13. “[C]ritical popular films about militarism,” writes Hugh Gusterson (2004, p. 59), “are sometimes able to penetrate the dominant discourse, opening up fissures and enabling the articulation of doubts and queries that might otherwise remain unvoiced.” His remarks apply as well to other forms of cinema.
14. This reputation is largely unearned (Doughty, 2005). Canadian prime ministers have frequently suspended fundamental rights under the infamous War Measures Act, and recently the Canadian intelligence services have handed over Arab-born citizens for interrogation and torture in Syria.
15. Every form of terrorism involves “rather conscious efforts to manipulate perceptions to promote certain interests at the expense of others. When people and events come to be regularly described in public as terrorists and terrorism, some government or other entity is succeeding in a war of words in which the opponent is promoting alternative designations such as ‘martyr’ or ‘liberation struggle’” (Turk, 2004, p 272).
16.It is perhaps not inconsequential that Al Jazeera is located in Doha, Qatar, twenty miles from the site of one of the biggest U.S. armed forces bases in the Middle East.
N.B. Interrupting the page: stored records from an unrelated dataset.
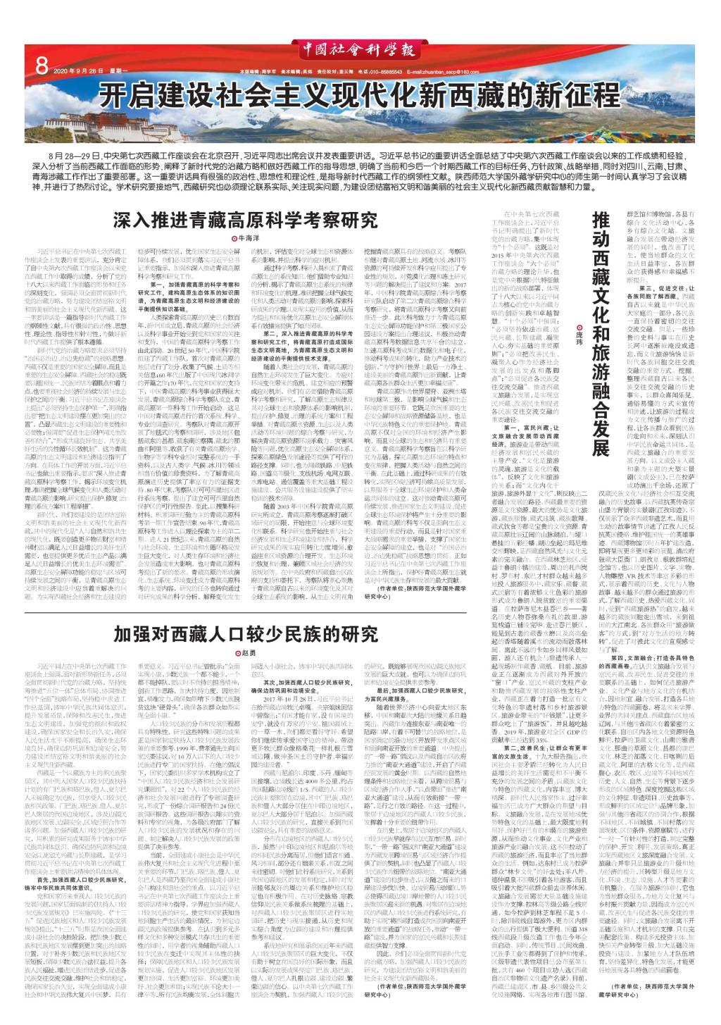 9月28日,《中国社会科学报》在第8版以“开启建设社会主义现代化新西藏的新征程”为主题,专版刊发了公司122cc太阳成集团王启龙教授团队成员的一组署名文章。该组文章共有三篇,依次为牛海洋老师发表的《深入推进青藏高原科学考察研究》、庞玮老师发表的《推动西藏文化和旅游融合发展》以及博士生赵勇同学发表的《加强对西藏人口较少民族的研究》。
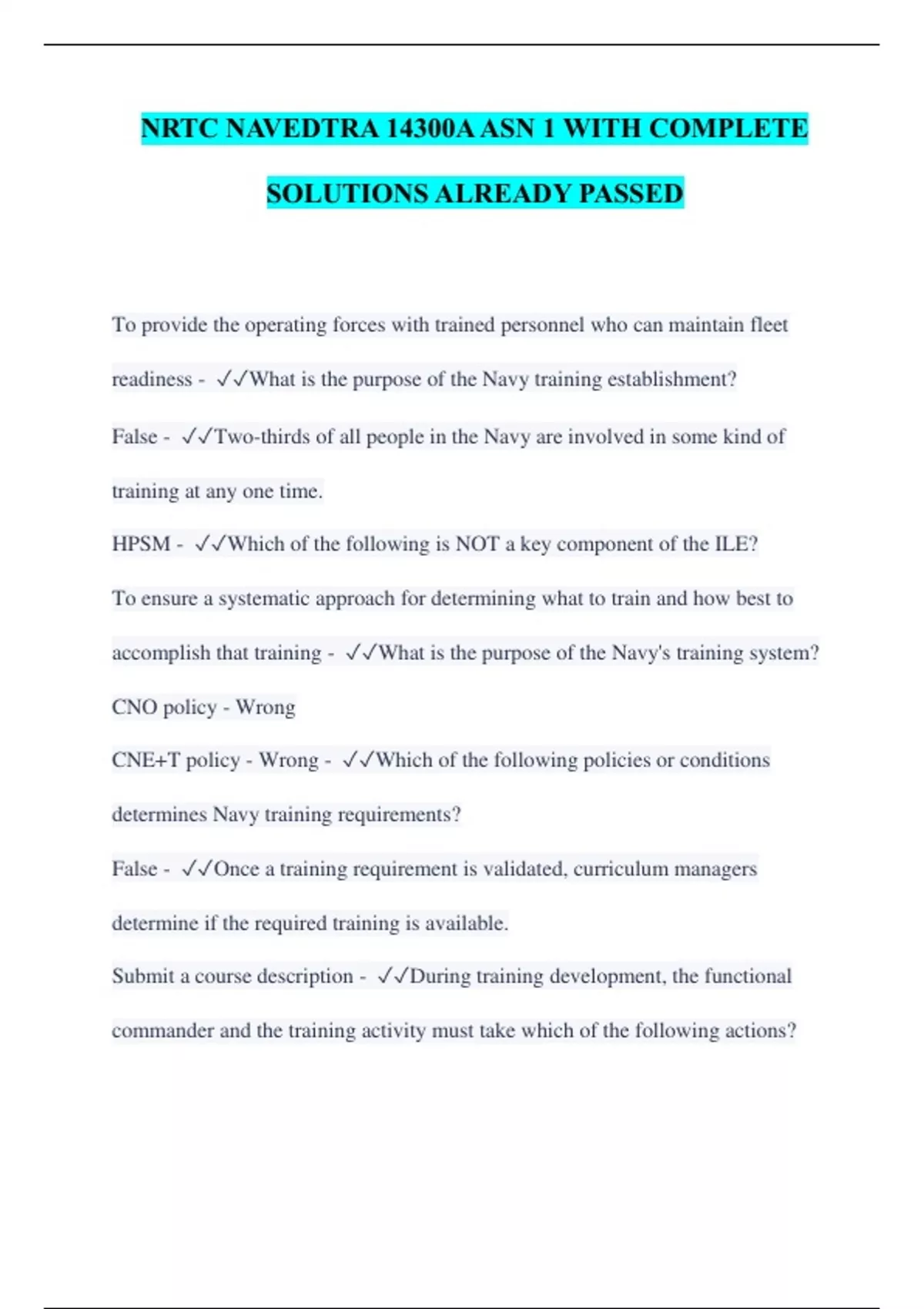 NRTC NAVEDTRA 14300A ASN 1 WITH COMPLETE SOLUTIONS ALREADY PASSED To provide the operating forces with trained personnel who can maintain fleet readiness - What is the purpose of the Navy training establishment? False - Two-thirds of all people in the Navy are involved in some kind of training at any one time. HPSM - Which of the following is NOT a key component of the ILE? To ensure a systematic approach for determining what to train and how best to accomplish that training - What is the purpose of the Navy's training system? CNO policy - Wrong CNE+T policy - Wrong - Which of the following policies or conditions determines Navy training requirements? False - Once a training requirement is validated, curriculum managers determine if the required training is available. Submit a course description - During training development, the functional commander and the training activity must take which of the following actions?
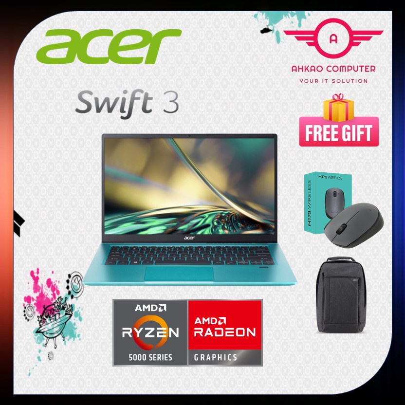Acer Swift 3 SF314-43-R5QX 14'' FHD Laptop Electric Blue ( Ryzen 5 5500U, 8GB, 512GB SSD, ATI, W11, HS )2 Year Warranty
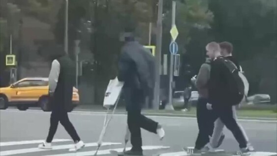 Он пересекал дорогу на скейте, удерживая равновесие с помощью костылей.
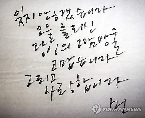안씨는 의료진을 포함해 메르스로 불철주야 고생하는 모든 사람에게 감사의 마음을 담아 이 손글씨를 썼다고 설명했다.
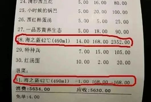 當晚聚餐菜單顯示,5桌師生,消費了13瓶白酒。
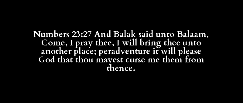 Numbers 23:27 And Balak said unto Balaam, Come, I pray thee, I will bring thee unto another place; peradventure it will please God that thou mayest curse me them from thence.
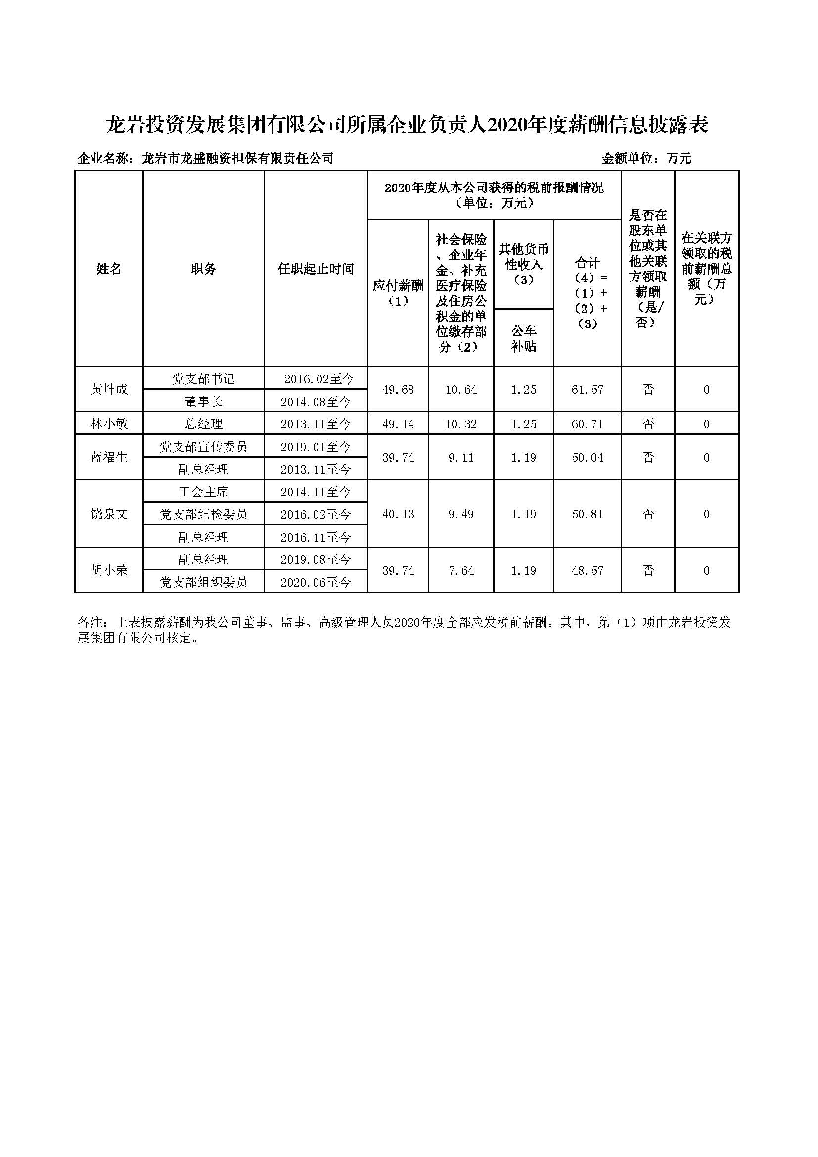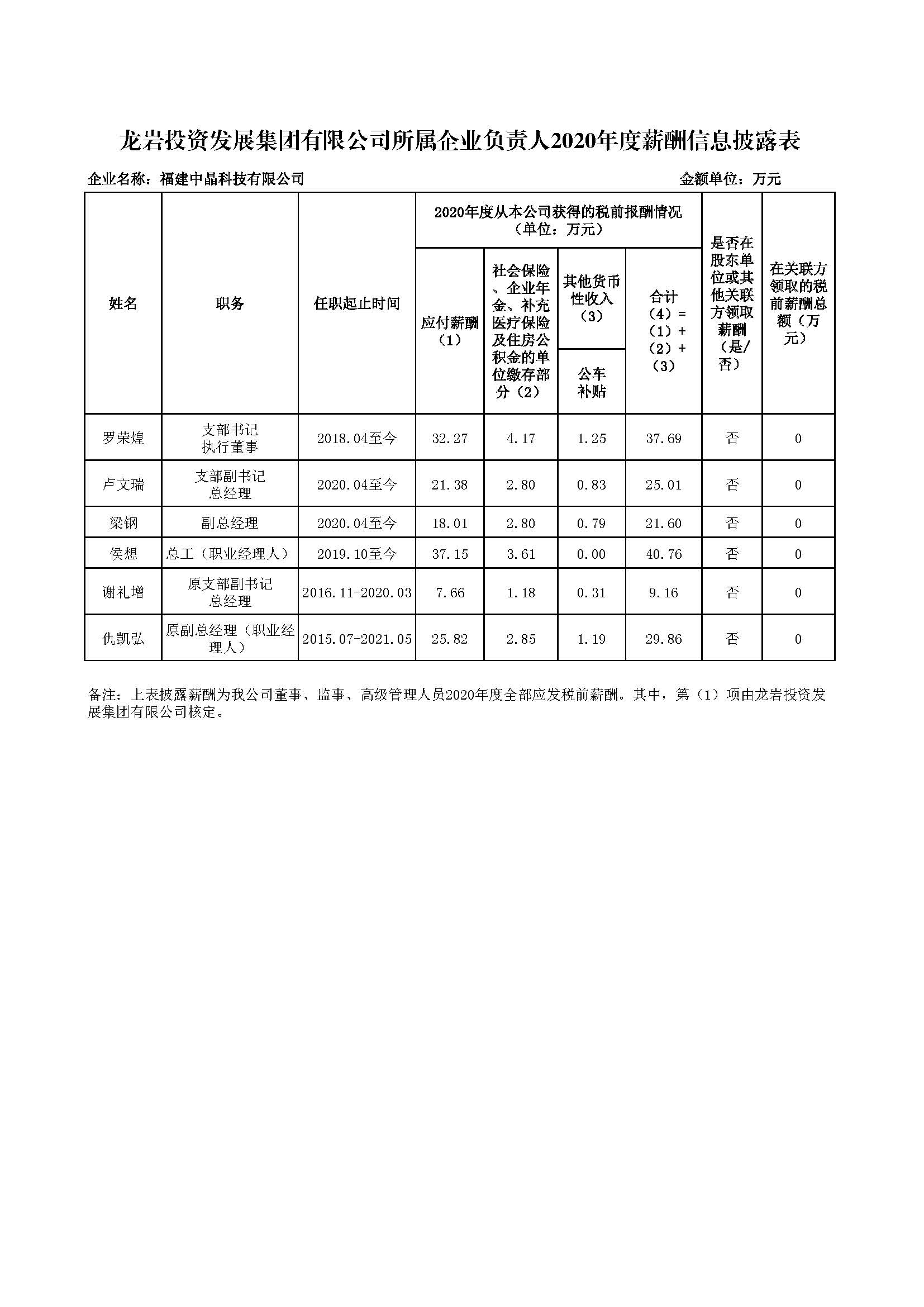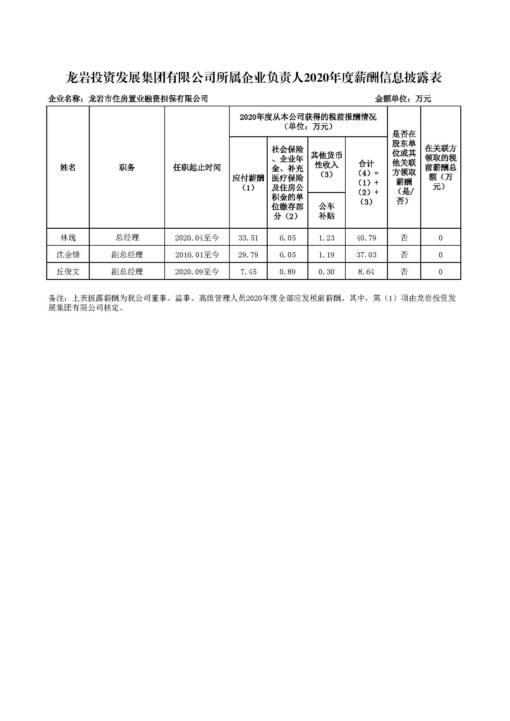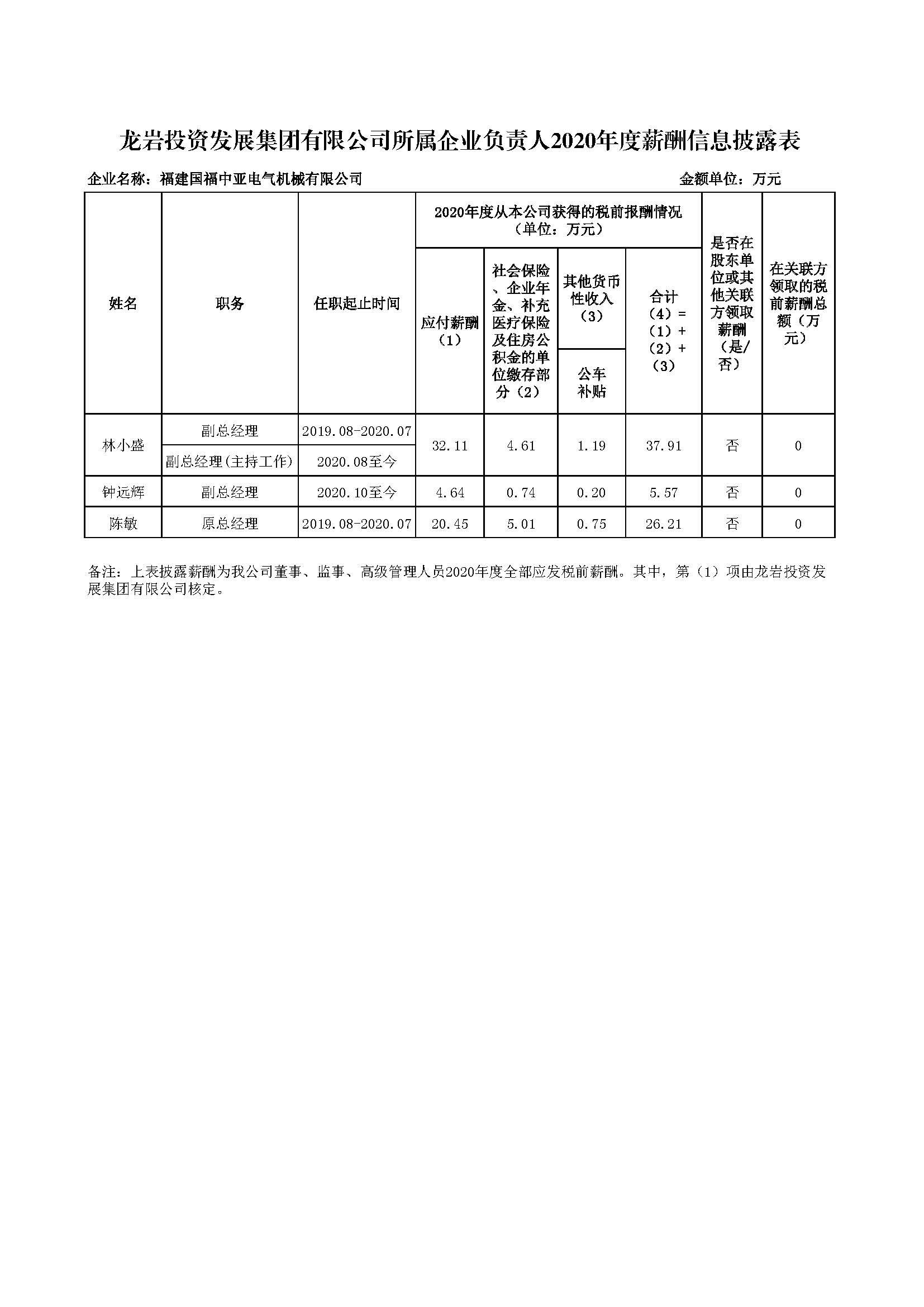 企业负责人2020年度薪酬信息披露表

17.Bergen himself relates an intriguing narrative of possible premature intoxication surrounding 9-11. In late August 2001 Bergen acquired “a two-hour al-Qaeda propaganda videotape circulating around the Middle East that summer.” The tape suggested that bin Laden was planning an imminent attack on American targets. Bergen wrote to reporter John Burns at The New York Times about the tape, which by then was circulating in DVD format in clandestine Internet chat rooms. Burns’s story about the looming menace of Al-Qaeda “appeared on The New York Times Web site on September 9 under the headline, “‘On videotape, Bin Laden Charts a Violent Future.’ But strangely that was the only version of the story that ever appeared, and it was later expunged by the newspaper from the Web site archive.” Bergen laments that “the last best warning to America of what might be failed to see the light of day. (The Times would publish a story by Burns a day after 9/11 that referenced the bin Laden videotape; a piece that had few of the details of the original story and was, alas, too late to make a difference.)”
18.Huntington served as “counterinsurgency expert for the Johnson administration in Vietnam and later director of the Institute for Strategic Studies at Harvard University” (Ali, 2003, p. 273.)
19.My account of The Clash of Civilizations relies heavily on Gusterson’s (2004) critical analysis of the book.